Now, I will do the same model building procedure as last time. There are three classes of features: metadata about the language within the tweets (i.e. average number of words per tweet), metadata about the tweets (i.e. average number of replies per tweet), and a tfidf vectorizer built using the words as tokens treating all of the tweets about a candidate concatenated together as a document (i.e. tfidf score of the word "congressman").

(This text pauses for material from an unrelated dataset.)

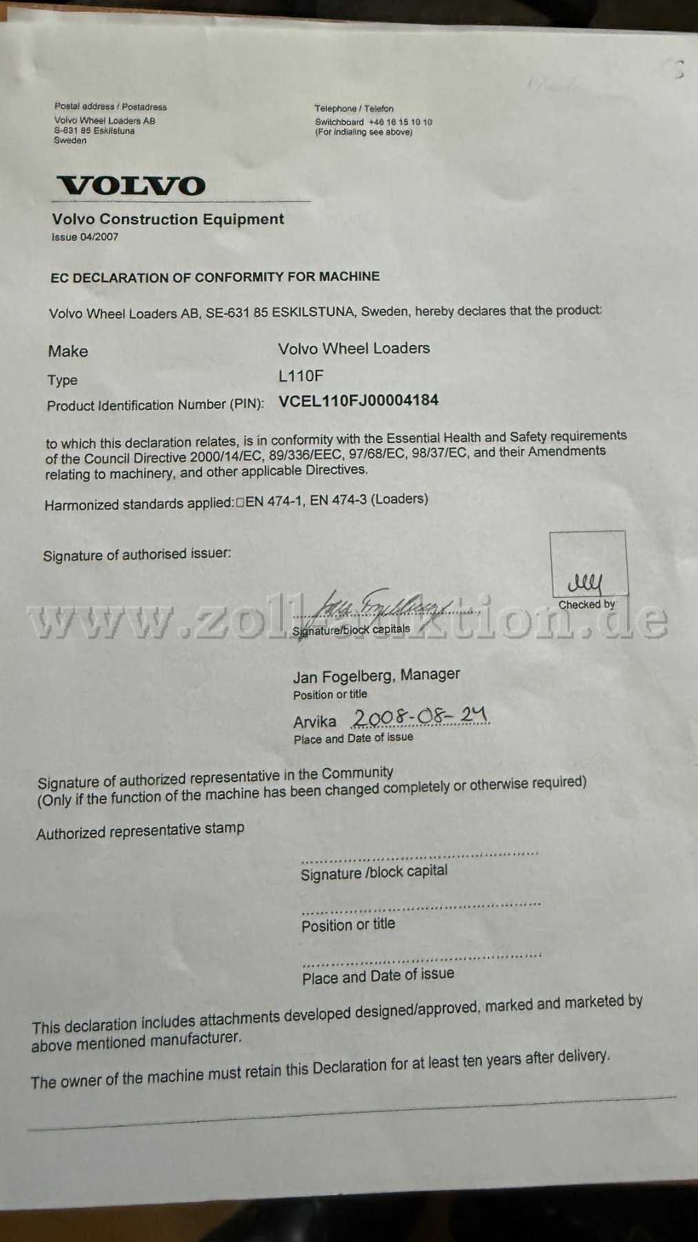 - Es fallen täglich 50,00 EUR Verwahr- bzw. Lagergebühren bei Überschreitung der Zahlungs- und Abholfrist an.

The model is an XGBoost classifier.

In [16]:
from sklearn.feature_extraction.text import TfidfVectorizer
from sklearn.feature_extraction.stop_words import ENGLISH_STOP_WORDS
from sklearn.pipeline import Pipeline, FeatureUnion
from sklearn.base import BaseEstimator, TransformerMixin
from xgboost import XGBClassifier
from sklearn.model_selection import StratifiedKFold
In [17]:
## This is useful for selecting a subset of features in the middle of a Pipeline
class ItemSelector(BaseEstimator, TransformerMixin):
    def __init__(self, keys, ndim):
        self.keys = keys
        self.ndim = ndim
    
    def fit(self, x, y=None):
        return self
    
    def transform(self, data_dict):
        res = data_dict[self.keys]
        return res

## Making some features about the text itself
class TweetTextMetadata(BaseEstimator, TransformerMixin):
    def __init__(self):
        pass
    
    def fit(self, x, y=None):
        return self
    
    def transform(self, docs):
        ave_words_per_tweet = [sum(len(tweet.split(' '))
                                   for tweet in tweets)\
                               /len(tweets) 
                               if len(tweets) else 0
                               for tweets in docs]
        total_number_words = [sum(len(tweet.split(' '))
                                  for tweet in tweets)
                              for tweets in docs]
        ave_word_len = [sum(len(word) for tweet in tweets 
                            for word in tweet.split(' '))/\
                        sum(1 for tweet in tweets
                            for word in tweet.split(' '))
                        if len(tweets) else 0 for tweets in docs]
        total_periods = [sum(tweet.count('.')
                             for tweet in tweets)
                         for tweets in docs]
        total_q_marks = [sum(tweet.count('?')
                             for tweet in tweets)
                         for tweets in docs]
        return np.column_stack([value 
                                for key,value in locals().items()
                                if isinstance(value,list)])

    names = ['ave_words_per_tweet','total_number_words','ave_word_len','total_periods','total_q_marks']

## Making some features about the favorites, retweets, etc.
class TweetStats(BaseEstimator, TransformerMixin):
    def __init__(self):
        pass
    
    def fit(self, x, y=None):
        return self
    
    def transform(self, df):
        warnings.filterwarnings("ignore",
                                message="Mean of empty slice.")
        total_replies = df.replies.apply(sum)
        total_retweets = df.retweets.apply(sum)
        total_favorites = df.favorites.apply(sum)
        num_tweets = df.replies.apply(len)
        ave_replies_per_tweet = df.replies.apply(np.mean).fillna(0)
        ave_retweets_per_tweet = df.retweets.apply(np.mean).fillna(0)
        ave_favorites_per_tweet = df.favorites.apply(np.mean).fillna(0)
        ninety_eighth_percentile_replies = df.replies.apply(lambda x: np.percentile(x,98.) if len(x) else 0.)
        ninety_eighth_percentile_retweets = df.retweets.apply(lambda x: np.percentile(x,98.) if len(x) else 0.)
        ninety_eighth_percentile_favorites = df.favorites.apply(lambda x: np.percentile(x,98.) if len(x) else 0.)
        return np.column_stack([value.values for key,value in locals().items() if isinstance(value,pd.Series)])
    
    names = ['total_replies','total_retweets','total_favorites',
             'num_tweets','ave_replies_per_tweet','ave_retweets_per_tweet',
             'ave_favorites_per_tweet','ninety_eighth_percentile_replies',
             'ninety_eighth_percentile_retweets',
             'ninety_eighth_percentile_favorites']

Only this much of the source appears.